People still occasionally comment that I’m now too old for such a lifestyle, that my dogs won’t live forever. They lament that, in their minds, I missed out on the joys of marriage and family. I respond that age is a state of mind, and that when the sad time comes, as it always does, I will grieve the loss of my friend and strive to make room for another dog. As to the last, the inclination was never strongly within me. Some say that’s selfish. I say it’s honesty to self. Different yokes for different blokes.
One good Chinese curse is “may you lead an interesting life.” I do not view such as a curse in the least. The goal of life is to live it as you choose and to live it well; to do otherwise is to cheat yourself and all those with whom you share close association. We should be wise enough to give ourselves the freedom to follow our own roads.
So give me a few acres where the view lasts into tomorrow, a place where the clouds say hello and the coyotes sing night-songs of myriad yesterdays and endless tomorrows. Give me a little house with a little porch, someplace where I can traverse entire galaxies without leaving my chair, where ideas can flood my mind and be transferred to the eyes of those who turn the page. Give me the strength to be myself and the sight to see simplicity. Give me a dozen slobbering hounds, leviathan catfish, a good book, and a lamp. Give me solitude and time, and I will repay it with joy and appreciation.

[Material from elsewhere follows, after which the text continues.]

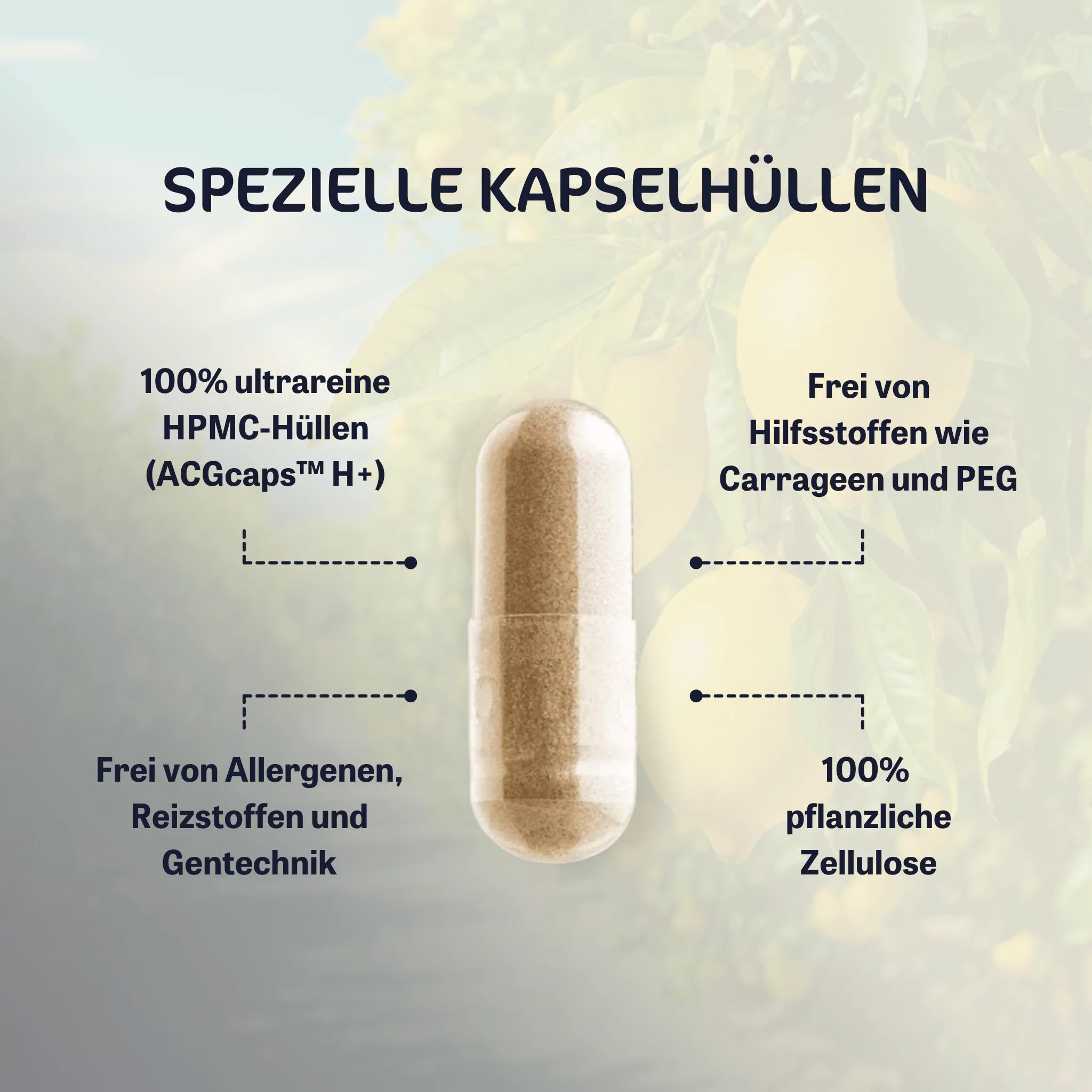 Liposomaler Vitamin C-Komplex (Vitamin C, Phospholipide, pflanzliche Fettsäuren, Citrus-Bioflavonoide), Kapselhülle: Hydroxypropylmethylcellulose.
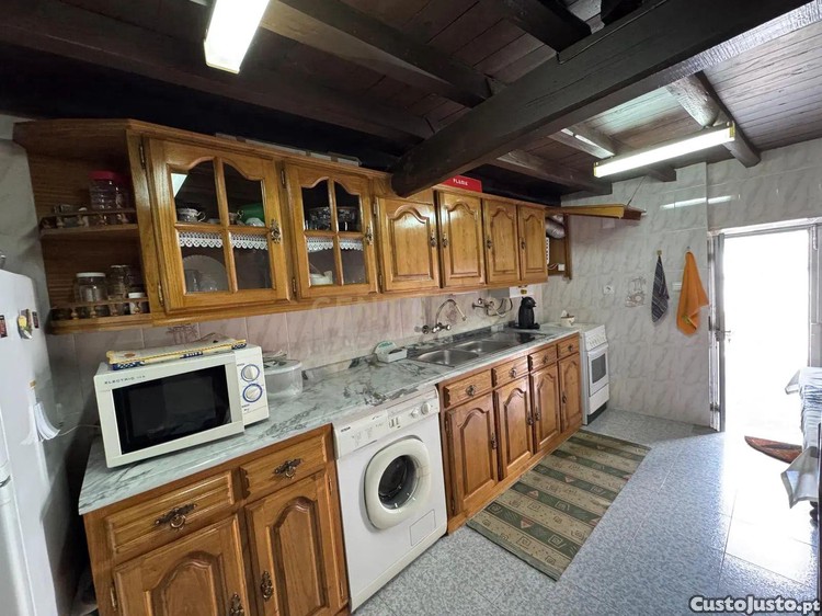 A moradia dispõe de um quarto com cama de casal, uma sala de estar luminosa, uma cozinha equipada e um banheiro compartilhado. Com tetos altos e janelas duplas, a propriedade garante uma excelente exposição à luz natural. Os acabamentos incluem paredes pintadas, chão em madeira e azulejo, além de eletrodomésticos como máquina de lavar, forno e micro-ondas.

I may not have reached Hermit’s Heaven just yet, for the definition and locale is always changing.
But I’ve certainly enjoyed the ride
I’ve never thought of hermits in a negative light. I suppose it’s my Catholic background. I’ve always thought of hermits as those who shut themselves away in order to contemplate God. It’s hard to hear His voice in the midst of all the noise of this world. I couldn’t do it forever, but I value alone time a great deal especially in times of prayer.
Your musings in Missouri Life always brought memories. Your cellar story had me thinking about going to ours as a kid during tornado warnings. To this day slugs give me the creeps. The cellar walls and ceiling was covered in them.
Now as I read about hermits I realize my dad was a "wanna be" hermit. Many times I would go with him to fish the Lamine River in the sticks of Otterville. He had an uncle who was a hermit living in an old log cabin up above the fishing path to the boat. Even as a kid I was fascinated with his way of life. Now in my older age, I would love to live in that long gone cabin above the river. However, one has to have grit and be tough to live that life. I could not survive.